Now I just skip those models. If a conversion fails, it logs the error and moves on. I manually check the logs weekly to see if anything important was skipped.
Another issue: quantization is slow on CPU. A 7B model takes about 20 minutes to quantize to all three formats on my VM. For larger models (13B+), this can stretch to over an hour. I tried optimizing this with multi-threading flags, but the gains were minimal. The solution was just accepting that quantization is a background task and not worrying about speed.

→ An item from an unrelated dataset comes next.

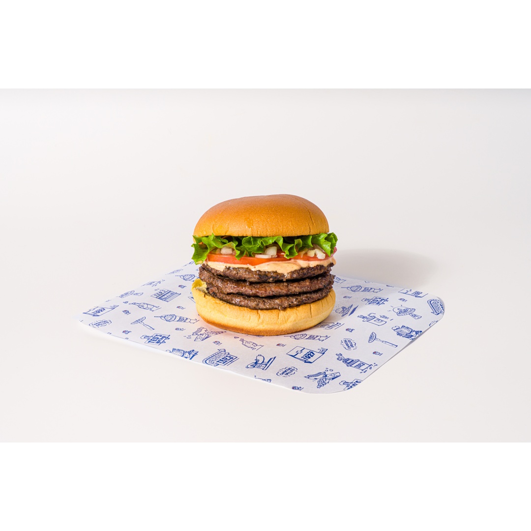 Three 1/5 lb. Certified Angus beef burger patties with bacon and American cheese served on a Martin's potato roll.

Storage also became a problem faster than expected. Three quantization levels for a single 7B model use about 10-12GB combined. After processing 30 models, I was using over 300GB. I now have a cleanup script that deletes models I haven't accessed in 60 days, but I had to add that after running out of space twice.
Handling Failures and Edge Cases
Not every model converts cleanly. Some Hugging Face repos have incomplete checkpoints, missing tokenizer files, or use architectures llama.cpp doesn't recognize yet.
My pipeline handles this by:
- Wrapping each conversion step in try/except blocks
- Logging failures with full error messages to a dedicated log file
- Sending a summary email (via a simple SMTP script) if more than 3 conversions fail in a single run
This means I don't have to babysit the process, but I'm still aware when something breaks.
One specific failure mode: models with non-standard tensor names. llama.cpp's converter expects specific naming conventions, and some fine-tuned models rename tensors during training. When this happens, the conversion crashes with a cryptic error about missing keys. I haven't found a general solution—I just skip these models and note them in my tracking spreadsheet.
Integration with My Workflow
Once models are quantized and stored, I use them in two main ways:
- Direct inference via llama.cpp's CLI tools for quick tests
- Serving through Ollama or text-generation-webui for longer sessions
The quantized GGUF files work seamlessly with both. I don't have to maintain separate model formats or conversion pipelines for different tools.
I also use the quantized models in n8n workflows where I need local LLM inference. The automation setup I wrote about previously pulls models from the NFS share as needed.
Key Takeaways
Building this pipeline taught me that automation doesn't have to be perfect—it just has to handle the common cases reliably and fail gracefully on the edge cases.
Specific lessons:
- Don't try to support every model architecture. Focus on what actually works with your tools.
- Quantization is slow on CPU, but it's still faster than doing it manually every time.
- Storage adds up quickly. Plan for cleanup from the start.
- Logging failures is more useful than preventing them. You can't predict every edge case.
- Containerizing conversion tools keeps your system clean and makes the pipeline portable.
The pipeline isn't fancy, but it's been running reliably for months and has saved me hours of manual work. That's what matters.